Similar OEND programs have been implemented and evaluated but none of the reports are as robust as the study by Kwon. Monteiro et al. evaluated an interprofessional workshop focused on increasing knowledge, skills, and attitudes of students towards opioid misuse.  The interprofessional teams included health professional students from medicine, nursing, pharmacy, physical therapy, and social work. While this study only assessed pre- and post- OOKS scores among the medical students, the results demonstrated significant improvements in knowledge.3 In another study, Schartel et al. evaluated the success of a program for P1 pharmacy students in a lab course.  However, they only taught students about and evaluated the use of one naloxone dosage form and, while knowledge improved significantly, they did not assess changes in student attitudes.4 

Pharmacists are one of the most accessible health professionals and many patients ask a pharmacist about a health issue before seeing care from a physician. Implementing training programs in pharmacy curricula can help bridge the gaps in access and increase community awareness about managing opioid overdoses.  Training pharmacists to dispense and teach patients how to use naloxone products can help slow the escalating number of deaths in the US due to the opioid crisis. Interactive and well-designed programs like the one implemented by Kwon and colleagues are an effective way to increase both knowledge and attitudes towards opioid overdoses.

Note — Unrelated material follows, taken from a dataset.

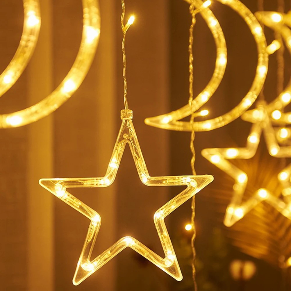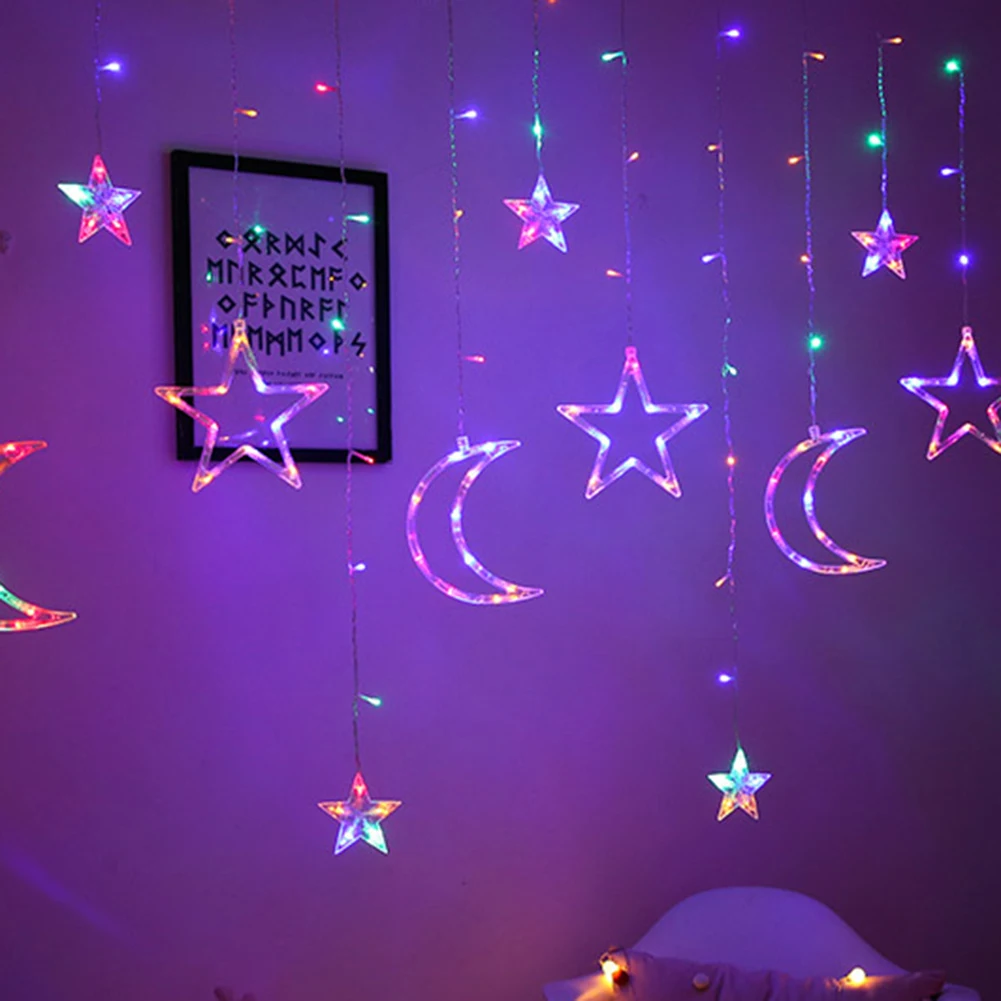 Светодиодная занавеска Звезда и Луна, 8 режимов освещения, 3,5 м

  1. “Understanding the Epidemic” [Internet]. Centers for Disease Control and Prevention. Centers for Disease Control and Prevention; 2020 [cited 2020Dec6].
  2. Kwon M, Moody AE, Thigpen J, Gauld A. Implementation of an Opioid Overdose and Naloxone Distribution Training in a Pharmacist Laboratory Course. Am J Pharm Educ 2020; 84 (2): Article 7179.
  3. Monteiro K, Dumenco L, Collins S, et al. An interprofessional education workshop to develop health professional student opioid misuse knowledge, attitudes, and skills. J Am Pharm Assoc 2017; 57 (2): S113–S117.
  4. Schartel A, Lardieri A, Mattingly A, Feemster AA. Implementation and assessment of a naloxone-training program for first-year student pharmacists. Curr Pharm Teach Learn. 2018; 10 (6): 717-722.